From charupdate at orange.fr  Thu Aug 13 10:07:50 2015
From: charupdate at orange.fr (Marcel Schneider)
Date: Thu, 13 Aug 2015 17:07:50 +0200 (CEST)
Subject: Implementing SMP on a UTF-16 OS
Message-ID: <916581674.16210.1439478470453.JavaMail.www@wwinf1c10>

[Given the bad news we got, I spared this in my draft folder from 12 Aug 11:12 on.] 


?

On 11 Aug 2015, at 23:18, Richard Wordingham  wrote [I've replaced < > with ???, as already I've got a disappearance and am not sure whether once <> converted, a second conversion won't happen]:

> On Tue, 11 Aug 2015 21:27:27 +0200 (CEST)
> Marcel Schneider  wrote:
> 
> > I?ve tried to just remove the parentheses and let the string.
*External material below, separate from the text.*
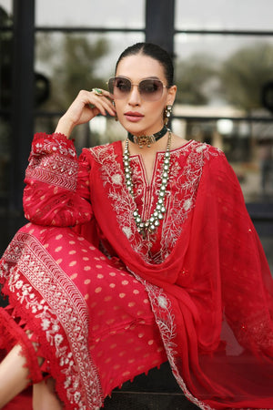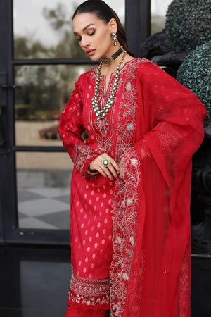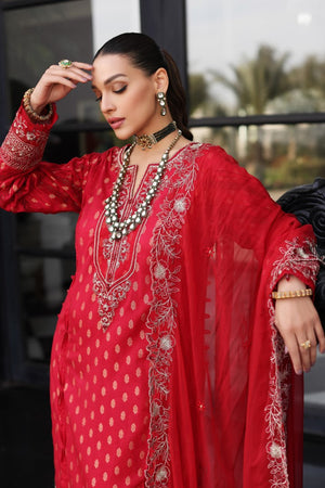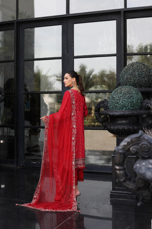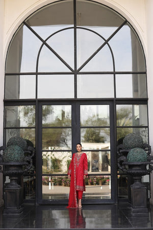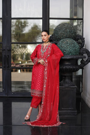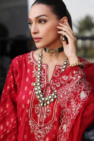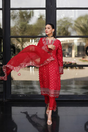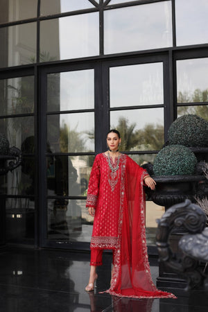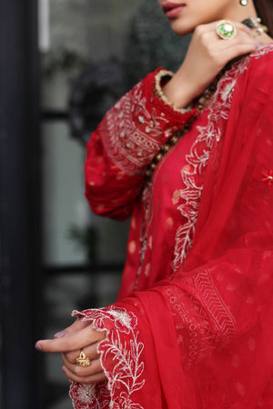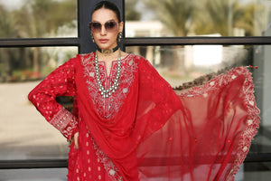 This classic palette of Red on jacquard fabrics will elevate your summer wardrobe floral embroidery in shades of red paired with chiffon embroidered dupatta finishing with scallop details & Lawn pants.

This
> > was compiled, but the keyboard test showed that in the keyboard
> > driver DLL, UTF-16 strings with SMP characters aren?t handled as
> > such. Each surrogate code unit is considered as a single character
> > even when it?s followed by a trailing one. Only the code unit
> > corresponding to the shift state (modification number) is taken, no
> > matter if it?s only a surrogate and the other half comes next.
> 
> This is exactly what one should expect. The data is an array of
> UTF-16 code units rather than a UTF-16 string. Moreover, it was
> probably written as UCS-2. I believe it is the application that has
> the job of stitching the surrogate pairs together.
> 
> > Is this the reason why a Unicode character cannot be represented
> > alternatively as a 32?bit integer on Windows?
> 
> They are, from time to time. There's a Windows message that delivers a
> supplementary character rather a UTF-16 code unit, and fairly obviously
> they have to be handled as such when performing font lookups. I've a
> suspicion that this message hit an interoperability problem. A program
> that can handle pairs of surrogates but predates the message will not
> work with the more recent message. Therefore using the message type is
> deferred until applications can handle it. Therefore applications don't
> need to handle it, and don't. Therefore the message type doesn't get
> used.
> 
> > Being UTF-16, the OS
> > could handle a complete surrogates pair in one single 32?bit?integer.
> > Couldn't this be performed on driver level by modifying a program and
> > updating this when the driver is installed?
> 
> You really talking about a parallel set of routines. I suspect the
> answer is that Microsoft don't want to work on extending a primitive
> keyboarding system when TSF is available.
> 
> You want to use dead keys. Why? Is it not that they are the only
> mechanism you have experience of.

Yes, along with the allocation table and the ligatures (and modifier key mapping). Dead keys are the only way I found in the driver source to easily input precomposed characters and to work out a Compose functionality. Marc Durdin told us that for most languages, dead keys are not the best way for input. However, we're accustomed to. About Compose I found out that preceding diacritics are the only way to efficiently input multiply diacriticized precomposed letters. When we use combining diacritics, the problem is where to place all the diacritics on a backwards compatible layout. The Compose key idea is to use punctuation keys to input diacritics. Basically we need to hit Compose once only, while generating combining marks out of punctuation needs at least one differenciating keystroke for each one. Given the limited number of keys, we can scarcely have more than one special dead key like Compose in the Base shift state. And as diacritical marks are so numerous that all keyboard punctuation together is not sufficient, we need sequences of punctuation for a number of less current diacritics. This brings the need of a triggering keystroke at the end. Most characters are therefore best input when diacritics come before the triggering letter. But that's my experience only, I wonder how it works on TSF.

> 
> Better systems can be built, in which one sees what one is doing.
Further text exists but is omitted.